While MLPNN excelled with nearly perfect metrics in sensors 0, 1, and 2 during longer latency phases (3 hours), its performance declined notably as the latency period shortened, particularly in sensors 3, 6, and 7, where accuracy dropped as low as 0.72 at 0.5 hours. This suggests that MLPNN struggles to maintain consistency in scenarios requiring faster response times, likely due to the complexity of the temporal data patterns. In contrast, SVM demonstrated greater robustness across all latency phases, achieving consistently high accuracy even in shorter latency windows. For example, while MLPNN saw a marked reduction in performance at 0.5 hours, SVM maintained relatively stable metrics, only showing slight drops in sensors 2, 3 and 5. This resilience in SVM suggests that, although slightly less efficient in terms of execution time, it may provide more reliable performance in real-time or near-real-time applications where shorter latency periods are critical. Therefore, while MLPNN offers superior classification in more stable, extended time frames, SVM proves to be a more versatile option under dynamic temporal constraints.

4. Conclusions

Experiments with the UV-LED/RGB system demonstrate its strong potential for real-time bacterial growth monitoring in water samples at the point-of-care. The microfluidic device and MPN approach yielded consistent results when comparing the results to the benchmark Quanti-Tray/2000, establishing it as a reliable, straightforward model for water sample acquisition and monitoring. The microfluidic device was designed to have 166.4 CFU/100mL detection range and for detecting and quantifying bacteria below and above the EPA BAV value of 70 CFU/100mL for E. faecalis, helping to reduce false negatives. Featuring self-loading capabilities upon immersion, the microfluidic device enables fast, user-friendly operation without requiring trained personnel.

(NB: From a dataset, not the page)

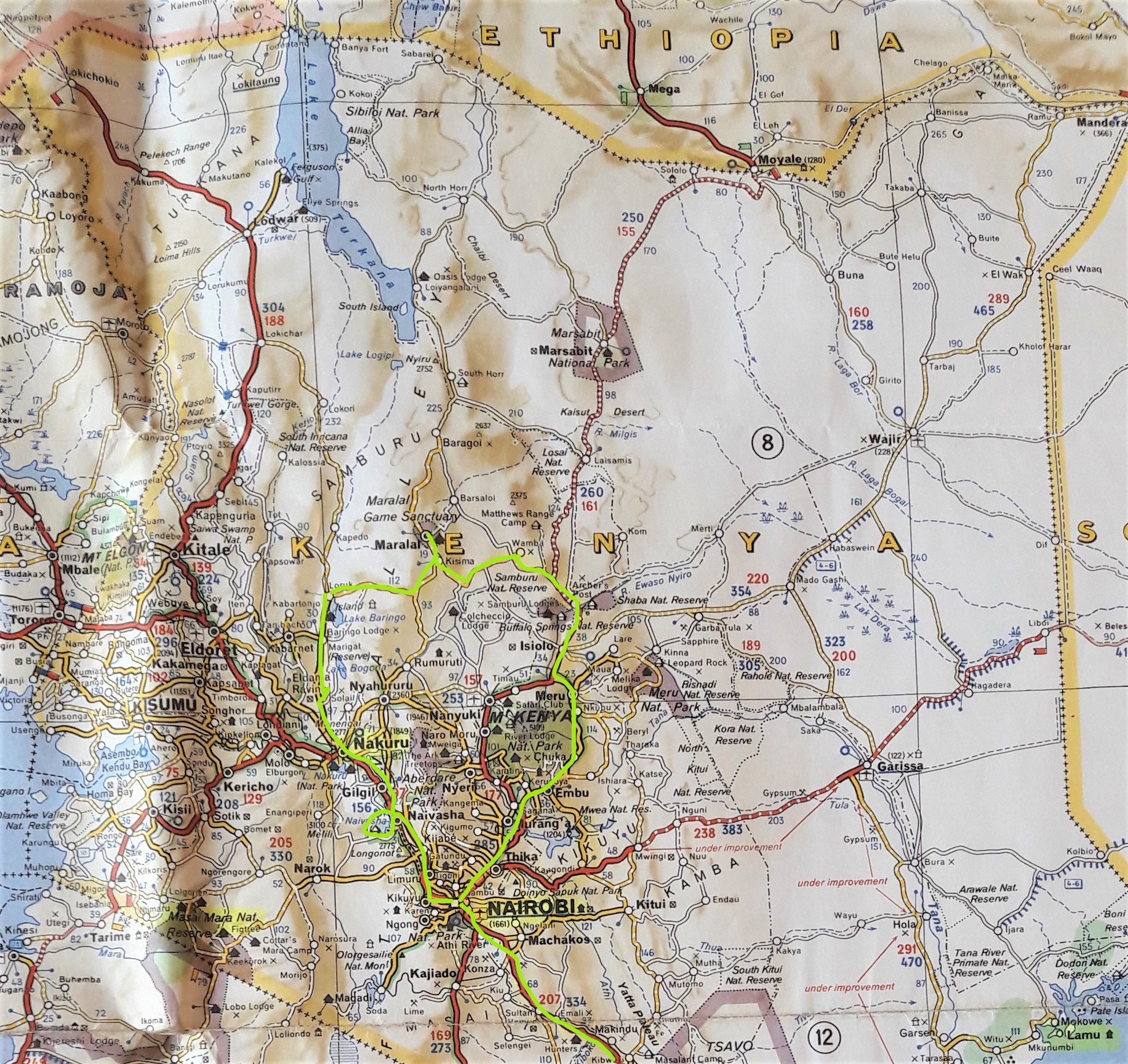 Headed down to Isolo and then round the eastern side of Mount Kenya via Meru and back to Nairobi. We needed a few days R&R after this.

Additionally, the UV-LED/RGB system offers portable incubation and detection, effectively maintaining ideal bacterial growth conditions while monitoring bacteria growth and predicting contamination in a short amount of time.
The system was tested using various bacterial concentrations, demonstrating its ability to monitor bacterial growth over a range of concentrations. The characteristic sigmoidal growth curve's slope becomes steeper, and the exponential phase begins earlier as the bacterial concentration increases. Positive wells were observed even at low concentrations, confirming the system’s detection capabilities at the EPA BAV standard for recreational water quality.
Notably, analyzing normalized and first derivative signals provided a method for accelerating bacterial detection. Results show that both the MLPNN and SVM exhibited strong classification performance, achieving a maximum precision of 1.00 across multiple sensors for both MLPNN and SVM. Importantly, SVM demonstrated the capability to predict the presence of bacteria in water samples within the first 30 minutes of incubation, achieving perfect metrics of 1.00 for accuracy, precision, recall, and F1 score for sensors 0, 1, and 4, with the lowest measurements being 0.81 for sensor 3. While MLPNN achieved near-perfect metrics in most cases, SVM maintained robustness across various sensors, especially in scenarios demanding rapid response times. Although MLPNN showed a decline in accuracy during shorter lag phases, SVM consistently delivered reliable performance. This comparative analysis suggests that while MLPNN excels in stable conditions, SVM may be more suitable for dynamic environments requiring prompt detection. These findings underscore the effectiveness of the UV-LED/RGB system for MPN analysis combined with machine learning for rapid, low-cost and portable bacteriological water quality assessments.

Author Contributions

Conceptualization, P.R.; methodology, P.R. and A.S.; software, A.S.; validation, A.S.; formal analysis, A.S.; investigation, P.R. and A.S.; resources, P.R.; data curation, A.S.; writing—original draft preparation, A.S.; writing—review and editing, P.R.; visualization, A.S.; supervision, P.R.; project administration, P.R.; funding acquisition, P.R. All authors have read and agreed to the published version of the manuscript.

Funding

This research was funded by Puerto Rico Sea Grant College Program grant number NA18OAR4170089 and R/90-2-20, and United States Geological Survey grant number G21AP10624-02, State Water Resources Research Institutes Program.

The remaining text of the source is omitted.